5. ChannelSplit and Concat

These primitives handle channel manipulation within the CSP-ELAN structure.

split = ir.ChannelSplit(split_sections=(16, 16), dim=0)
print(f"ChannelSplit: sections={split.split_sections}, dim={split.dim}")

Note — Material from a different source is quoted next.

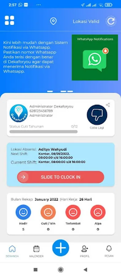 10. Push & WA Notification: Seluruh aktivitas absensi hingga proses approval dapat terpantau melalui notifikasi realtime.

concat = ir.Concat(num_inputs=2, dim=0)
print(f"Concat: num_inputs={concat.num_inputs}, dim={concat.dim}")

Output:

ChannelSplit: sections=(16, 16), dim=0
Concat: num_inputs=2, dim=0

6. Detection Pipeline

The detection head processes feature maps through four stages:

SDDetect → DFLDecode → Dist2BBox → NMS
StageDescription
SDDetectPer-scale spiking detection head (regression + classification branches)
DFLDecodeDistribution Focal Loss — decodes discrete distributions into distances
Dist2BBoxConverts distances (top/bottom/left/right) to bounding box coordinates
NMSNon-Maximum Suppression — filters overlapping detections

SDDetect

detect = ir.SDDetect(
num_classes=80,
reg_max=16,
stride=8,
cv2_w0=np.random.randn(64, 32, 3, 3).astype(np.float32) * 0.01,
cv2_b0=np.zeros(64, dtype=np.float32),
cv2_w1=np.random.randn(64, 64, 3, 3).astype(np.float32) * 0.01,
cv2_b1=np.zeros(64, dtype=np.float32),
cv2_w2=np.random.randn(64, 64, 1, 1).astype(np.float32) * 0.01,
cv2_b2=np.zeros(64, dtype=np.float32),
cv3_w0=np.random.randn(80, 32, 3, 3).astype(np.float32) * 0.01,
cv3_b0=np.zeros(80, dtype=np.float32),
cv3_w1=np.random.randn(80, 80, 3, 3).astype(np.float32) * 0.01,
cv3_b1=np.zeros(80, dtype=np.float32),
cv3_w2=np.random.randn(80, 80, 1, 1).astype(np.float32) * 0.01,
cv3_b2=np.zeros(80, dtype=np.float32),
)
print(f"SDDetect: classes={detect.num_classes}, reg_max={detect.reg_max}, stride={detect.stride}")

Output:

SDDetect: classes=80, reg_max=16, stride=8

DFLDecode, Dist2BBox, NMS

dfl = ir.DFLDecode(reg_max=16)
print(f"DFLDecode: reg_max={dfl.reg_max}")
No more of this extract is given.